Detailed Description of the Invention

[0001]

BACKGROUND OF THE INVENTION 1. Field of the Invention The present invention relates to an arc tube which emits multi-quantum light when absorbing and exciting incident light from a radiation source, converting it to a wavelength longer than the incident light and emitting light.

[0002]

2. Description of the Related Art Generally, phosphors used for fluorescent lamps are mentioned as general-purpose phosphors. The fluorescent lamp has a luminous efficiency of about 80 m / W, which is relatively high in the existing arc tube. However, when considering the conversion efficiency from the viewpoint of emission energy, only about 1/4 of the input energy is used in the fluorescent arc tube. That is, in the fluorescent light emitting tube, about 60% of the input energy as the input power of the light emitting tube is converted into ultraviolet emission energy within the tube body of the arc tube, and about 40% of this ultraviolet emission energy is converted into visible light by the phosphor. It is only being done.

[0003]

In the above case, since doubling the luminous efficiency directly leads to a great energy saving, there has been a demand for a luminous tube using a new phosphor which can have a high efficiency. The present invention has been made in view of the above points, and its purpose is to enable multi-quantum emission in which two or more photons are emitted from one excitation photon based on a completely new photoconversion principle. Then, the luminous efficiency is remarkably increased, and a luminous energy saving tube is realized.

[0004]

DISCLOSURE OF THE INVENTION According to the present invention, in an arc tube that absorbs and excites incident light from a radiation source and converts it into a wavelength longer than the incident light, a matrix that transmits visible light to the tube surface of the arc tube. The substance has at least an atomic property, has a first excited state having an energy level equivalent to that of incident light, has a second excited state having an energy level almost equal to the first excited state, and has a second Third between the excited state and the ground state
Of the second excited state to the third excited state,
The present invention is characterized in that a solid thin film, which is formed by substantially independently and fixedly arranging light-emitting substances, each of which has a high probability of gradual luminescence transition from the third excited state to the ground state, is attached.

[0005]

The present invention absorbs and excites incident light from a radiation source,
In an arc tube that converts to a wavelength longer than that of incident light, the first excitation having an energy level equivalent to that of incident light, which has at least an atomic property in a host material that transmits visible light to the surface of the arc tube. A second excited state having an energy level almost equal to that of the first excited state, and a second excited state
A third excited state exists between the excited state and the ground state, and a luminescent substance having a large probability of gradual luminescence transition from the second excited state to the third excited state and from the third excited state to the ground state is substantially Since each of them is provided with a solid thin film, which is individually and fixedly mounted, the luminous efficiency can be greatly improved as compared with the current luminous tube of the light emitting system through the fluorescent substance, which leads to a significant power saving.
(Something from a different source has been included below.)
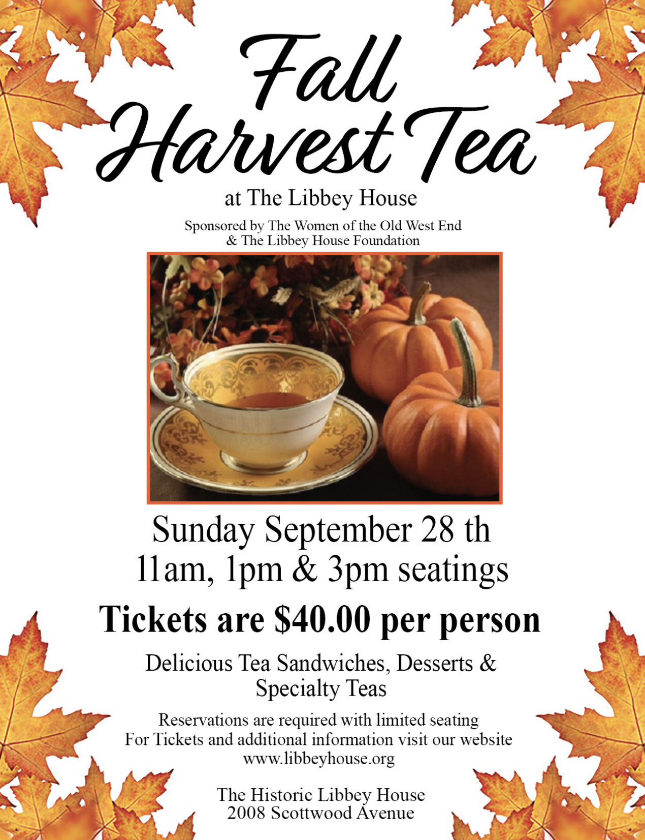 The Libbey House Foundation and Women of the Old West End will present a Harvest High Tea. There will be three 90-minute seatings available: 11:00 AM*, 1:00 PM, and 3:00 PM. Enjoy your choice of delicious tea from an assortment of teas, teasandwiches, and scrumptious desserts.

It is possible to provide an arc tube that has the effect of achieving high efficiency.

[0006]

EXAMPLES The present invention will be described below with reference to examples. (Example 1) Referring to FIG. 2 showing the principle of the phosphor used in the arc tube of the present invention, in the phosphor according to the present invention, when the phosphor receives incident light from, for example, an ultraviolet radiation source, It is possible to realize two or more (two examples are shown in the figure) photon emission from one excitation photon and to emit visible light, that is, to realize multi-quantum emission of two or more quantum and emit visible light. The underlying technical idea. On the other hand, in a conventional phosphor such as a phosphor, when it is excited by the incident light from the radiation source as shown in FIG. There is only one visible photon emission from a photon. Therefore, the multi-quantum light emission according to the present invention is based on a completely new light-emission principle in comparison with the light-emission principle of existing phosphors, and the emission efficiency can be doubled by realizing the multi-quantum light emission according to the present invention.
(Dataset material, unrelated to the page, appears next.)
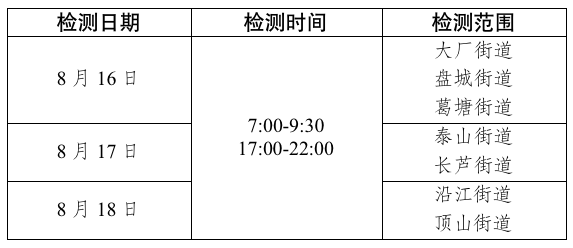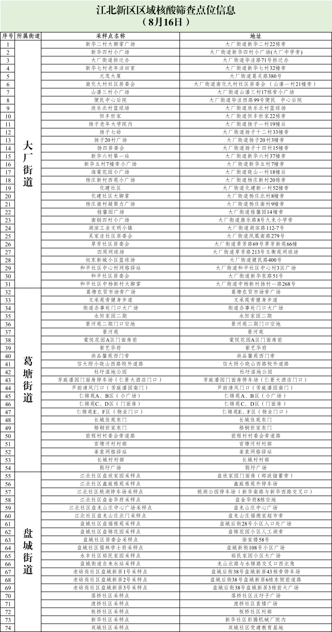 根据当前疫情防控工作需要,江北新区新冠肺炎疫情联防联控工作指挥部决定于8月16日-18日在全区开展规模性核酸检测工作,现将有关事项通告如下:
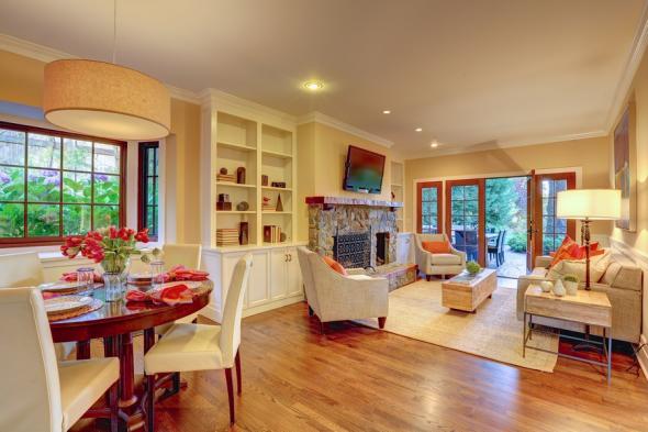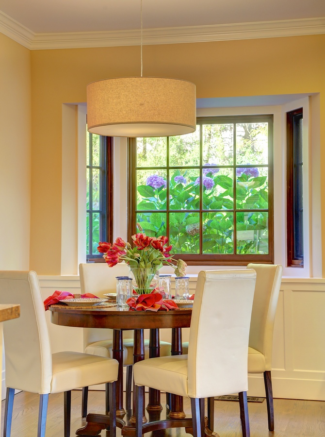 - Magazine worthy dining room offers high, box beam ceilings, seating for up to 12 people, and French doors opening to the covered porch

The phosphor used in the present invention is formed into a layer or a film, and the phosphor contains a base substance and a luminescent substance to be included in the base substance. That is, FIG.
Referring to the model of the phosphor according to the present invention, in the phosphor PCS according to the present invention, the luminescent material EM indicated by the "○" mark is individually fixed to the transparent host material IM indicated by the "x" mark. Are installed. In this case, the luminescent material EM maintains the properties of the atoms themselves. That is, it is optimal to maintain the energy level state of atoms, but at least maintain the atomic state or the pseudo-molecular state,
Fixed to. Here, "atomic" means that the luminescent material EM is not necessarily in a completely isolated atomic state,
It does not substantially react or bind to form a molecule with the host substance IM only when it is always adjacent to, but has a weak binding state, and also includes maintaining a state close to the energy level state of atoms. . Therefore, when there is incident light from the radiation source on the phosphor PCS by maintaining the luminescent material EM at least in atomic form, in the phosphor PCS, at least atomic states are scattered in the host material IM. Two or more photons can each be emitted from the luminescent material EM. On the other hand, in the case of a conventional phosphor or layered phosphor, as shown by modeling in FIG.
─── The element indicated by the "x" mark in the host molecule indicated by the "x" mark is replaced by the luminescence contributing element indicated by the "・" mark ""
─ ・ "It becomes a luminescent molecule shown by the mark, and these are" ──
It can be considered that the dots are scattered between the transparent non-luminescent host molecules indicated by the "" mark. At this time, the luminescence-contributing element indicated by the "-" mark of the luminescent molecule indicated by the "-" mark is an atom or an atomic energy level. When the phosphor receives incident light from the radiation source, it has only an excitation energy level as a molecule that is distant from the position. Only the photons of are emitted.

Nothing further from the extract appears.